September has so far has been a buckle-up-and-hold-on sort of month. The resulting volatility makes many investors nervous. But even if we only have little to spare every month, we can all invest. That investment could grow with compound interest over time to a surprisingly large amount. This decline in September could possibly present viable potential opportunities for long-term investors.
Let me first offer some terminology for investors who are just getting interested in the stock market. London has always sat at the centre of global financial markets. As a result, global companies have been attracted to list there. The London Stock Exchange (LSE) is the primary stock exchange in the UK and the largest in Europe.
LSE website describes the FTSE (pronounced Footsie) Group as “an independent organisation jointly owned by the Financial Times and the London Stock Exchange.” It has a wide range of indices that cover cover not only the UK but also other markets worldwide.
The FTSE 100 is the most famous index in the UK. It began in 1984. Most of the 100 companies in the index are multinational conglomerates. Although many of them have UK headquarters, quite a number of the listed businesses have their headquarters in other countries.
The junior index, i.e., the FTSE 250, consists of the 101st to the 350th largest companies listed on the LSE. The FTSE 250 was launched in 1992. Member businesses typically have a more UK-based domestic focus. As a result, they may be affected by shorter-term developments in the UK economy.
2020 is a difficult year
Seasoned investors would concur that over the long run, the stock market returns about 6% to 8% annually, on average. That metric accounts for various market downturns, including occasional crashes.
However, so far in the year, both FTSE 100 and FTSE 250 indices are down over 20%. In other words, they are technically in bear market territory.

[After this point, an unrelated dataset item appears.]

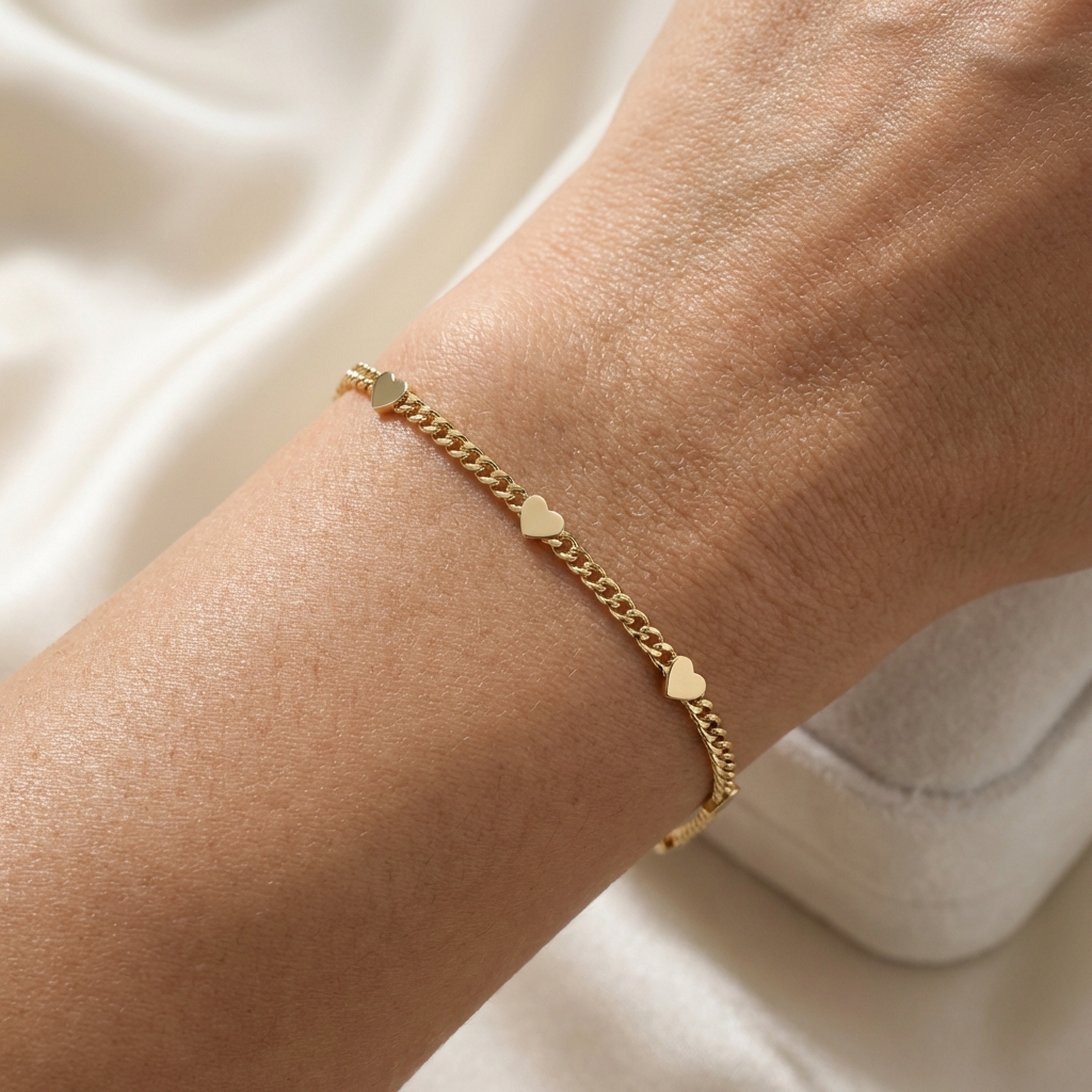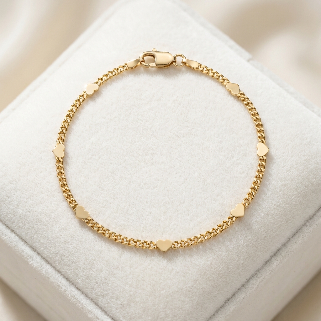Descubre esta pulsera bañada en oro 18k con delicados eslabones planos y corazones lisos intercalados. Un diseño romántico de acabado de lujo, hipoalergénica e impermeable. Perfecta para Aniversarios, Cumpleaños y San Valentín.

On the other hand, if we had looked at the numbers in early January 2020, the indices would have been up around 12% and 25% respectively, over the previous 12 months.

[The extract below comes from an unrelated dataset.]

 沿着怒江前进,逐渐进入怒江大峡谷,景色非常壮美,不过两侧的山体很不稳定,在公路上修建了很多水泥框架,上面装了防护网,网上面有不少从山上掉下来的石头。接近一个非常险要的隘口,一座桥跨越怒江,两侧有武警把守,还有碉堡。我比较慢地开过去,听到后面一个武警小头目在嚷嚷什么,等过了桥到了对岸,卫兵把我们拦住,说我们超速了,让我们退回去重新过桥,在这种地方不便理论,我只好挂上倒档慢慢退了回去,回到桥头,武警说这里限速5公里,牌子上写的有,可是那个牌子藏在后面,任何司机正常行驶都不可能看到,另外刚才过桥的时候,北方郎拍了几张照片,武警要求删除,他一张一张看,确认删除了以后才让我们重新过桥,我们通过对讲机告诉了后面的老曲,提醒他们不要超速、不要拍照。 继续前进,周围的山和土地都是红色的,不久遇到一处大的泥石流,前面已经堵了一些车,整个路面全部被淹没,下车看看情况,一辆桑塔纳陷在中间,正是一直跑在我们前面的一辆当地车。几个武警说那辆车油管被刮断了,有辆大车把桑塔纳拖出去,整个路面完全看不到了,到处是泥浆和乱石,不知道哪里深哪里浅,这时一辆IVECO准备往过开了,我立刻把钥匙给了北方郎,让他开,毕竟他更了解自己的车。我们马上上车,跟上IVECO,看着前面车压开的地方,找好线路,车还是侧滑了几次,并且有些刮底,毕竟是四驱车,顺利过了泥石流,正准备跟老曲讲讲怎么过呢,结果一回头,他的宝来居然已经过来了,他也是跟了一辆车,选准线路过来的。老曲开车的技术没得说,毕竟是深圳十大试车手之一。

We must note that these increases (or decreases) in the index levels do not include the dividend payments made to company shareholders. Both markets are well-known for relatively high dividends. Average dividend yields for the FTSE 100 and the FTSE 250 are about 4.3% and 3.2% respectively.
We all realize that past performance may not exactly repeat in the months ahead. However, the track records of each index over decades show the growth potential.
May the time be with you
Let’s assume that you are now 30 years old with £10,000 in savings and that you plan to retire at age 65.
You decide to invest that £10,000 in a fund now and make an additional £6,000 of contributions annually at the start of the year. You have 35 years to invest. The annual return is 7%, compounded once a year. At the end of 35 years, the total amount saved becomes £994,246.
Saving £6,000 a year would mean being able to put aside around £500 a month or about £17 a day. Might you just be wondering if you should skip that next impulse purchase?
If you could increase your annual contributions to £8,000, then the total would be £1,290,073
Shares I’d consider
I believe having a long-term strategy is the name of the game in successful investing. As long as you make regular investments over many years, the short-term noise in the markets will not affect your final return much.
As we approach the final stretch of the year, I’d like to point out several names I’d consider buying, especially if there is further weakness in their prices. In the FTSE 100, they include Antofagasta, AstraZeneca, Bunzl, Halma, Mondi, Severn Trent, and Unilever.
In the FTSE 250, I like Britvic, Centamin, Direct Line, Softcat, Tate & Lyle as potential long-term investments.